About this exercise
Leaving out every picture, please repeat exactly the line that contains "Baby Girl Romper" and each line after it through the final line below.

Records from a data source
——————
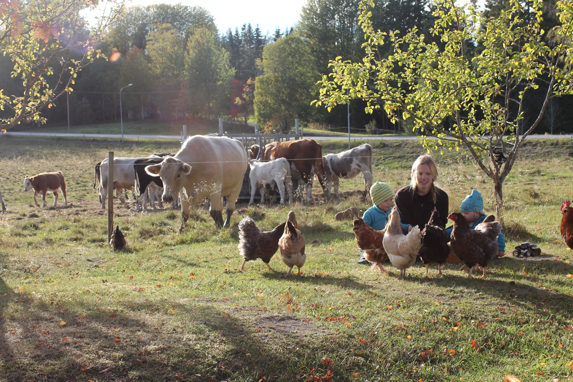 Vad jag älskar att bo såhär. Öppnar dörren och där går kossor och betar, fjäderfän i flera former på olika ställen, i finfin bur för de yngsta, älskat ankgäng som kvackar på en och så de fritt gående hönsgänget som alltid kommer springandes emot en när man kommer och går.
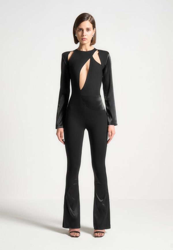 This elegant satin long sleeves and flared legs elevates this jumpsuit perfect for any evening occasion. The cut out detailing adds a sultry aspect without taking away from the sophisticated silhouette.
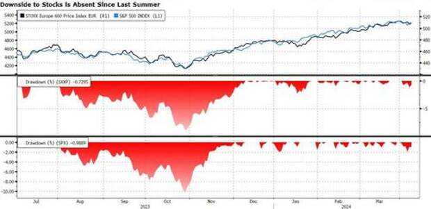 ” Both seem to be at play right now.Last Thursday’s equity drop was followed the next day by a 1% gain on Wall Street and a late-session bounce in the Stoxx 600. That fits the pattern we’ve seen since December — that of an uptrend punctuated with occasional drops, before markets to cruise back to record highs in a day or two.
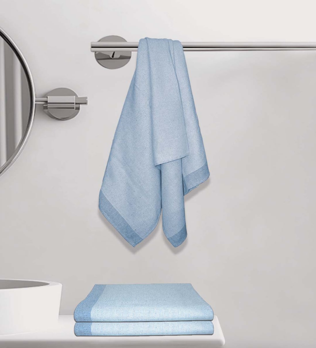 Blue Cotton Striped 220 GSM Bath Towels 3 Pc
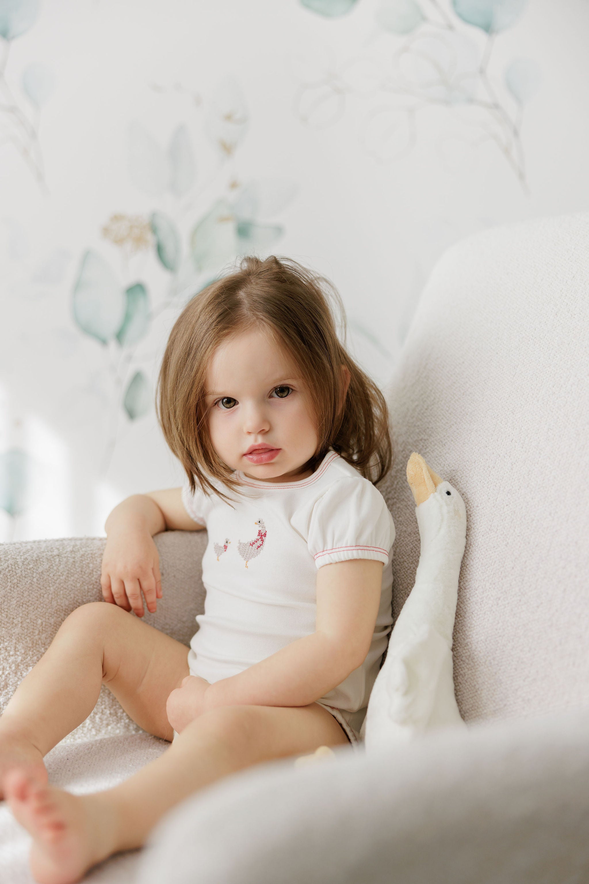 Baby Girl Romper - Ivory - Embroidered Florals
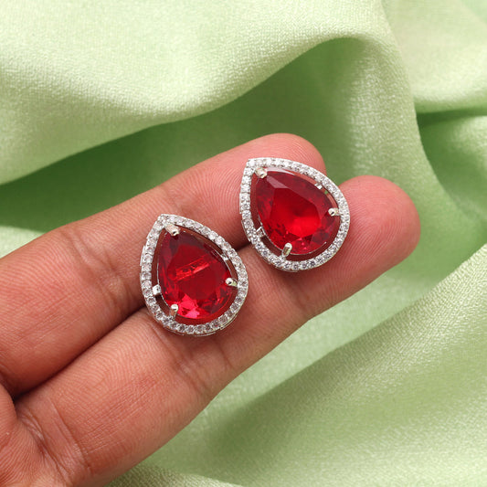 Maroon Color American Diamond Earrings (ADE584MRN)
——————
Answer to the problem
 Baby Girl Romper - Ivory - Embroidered Florals
 Maroon Color American Diamond Earrings (ADE584MRN)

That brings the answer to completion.